ABC only wanted 400 miles of IndyCar at Pocono In bringing back Indy cars to Pocono Raceway next summer after a 23-year absence, race officials are trying to turn back time to a more prominent era for open-wheel racing.
And while they can't bring back the Unser brothers, A.J. Foyt, Johnny Rutherford, and a lot of the guys who made Indy car the most popular version of auto racing back in the 1970s and for part of the '80s, they can try to bring back traditions like the Triple Crown.
But one thing that won't be back at Long Pond next July is a 500-mile race. And make no mistake, IZOD IndyCar series officials want this race, and as many others as possible, on ABC.
"We felt that having Pocono on ABC was very important and the time we were allotted on that particular day [July 7] was three hours," IndyCar CEO Randy Bernard said. "We could have decided to go with the NBC Sports Network, which would have been a great choice as well, but we wanted to make sure this one was on ABC. So, we chose the three-hour time window, which meant a 400-mile race."
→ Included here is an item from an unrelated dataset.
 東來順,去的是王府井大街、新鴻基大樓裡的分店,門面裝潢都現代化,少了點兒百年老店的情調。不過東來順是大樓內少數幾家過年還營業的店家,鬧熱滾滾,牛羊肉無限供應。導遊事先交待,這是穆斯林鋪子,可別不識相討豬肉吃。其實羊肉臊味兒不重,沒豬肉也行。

Credit Bernard for his honesty, except for one thing — the NBC Sports Network would not have been a great choice.
The NBC Sports Network, formerly Versus, is still making progress and adding quality sports programming. It became a relevant destination during the Stanley Cup playoffs last spring.
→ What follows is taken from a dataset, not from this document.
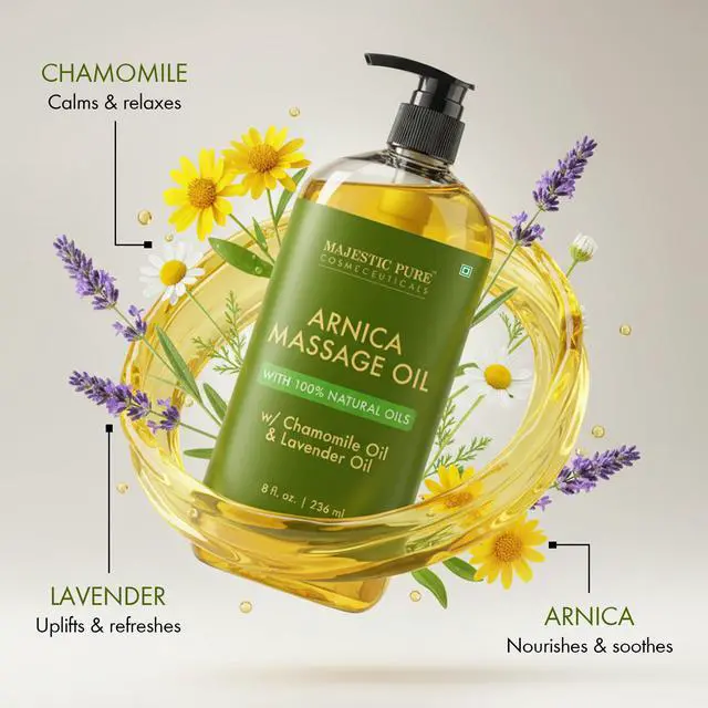 Majestic Pure Arnica Sore Muscle Massage Oil Lotion is designed specially so you can look and feel your best.

But you need a channel chart to find it.
With ABC, you don't. If you live in the Lehigh Valley, you know you can get ABC on WPVI, Channel 6, out of Philadelphia and you've been getting ABC there for decades.
Location matters in real estate and it definitely matters on a channel chart.
The NBC Sports Network, by the way, is on channel 471 for RCN cable subscribers, 93 for Service Electric subscribers and dial position 75 for Blue Ridge customers.
One of the reasons NASCAR does relatively well in the ratings is that the first third of its schedule is on Fox, beginning with Daytona in February, and the last third, going right through the Chase, is on ESPN.
The middle section is on TNT.
While cable channels have become much more of a regular stop on our boxes than they were 10, 15 or especially 20 years ago, you still want the big networks covering you if you can.
That's why IndyCar wants as many races as possible on the ABC/ESPN family of channels.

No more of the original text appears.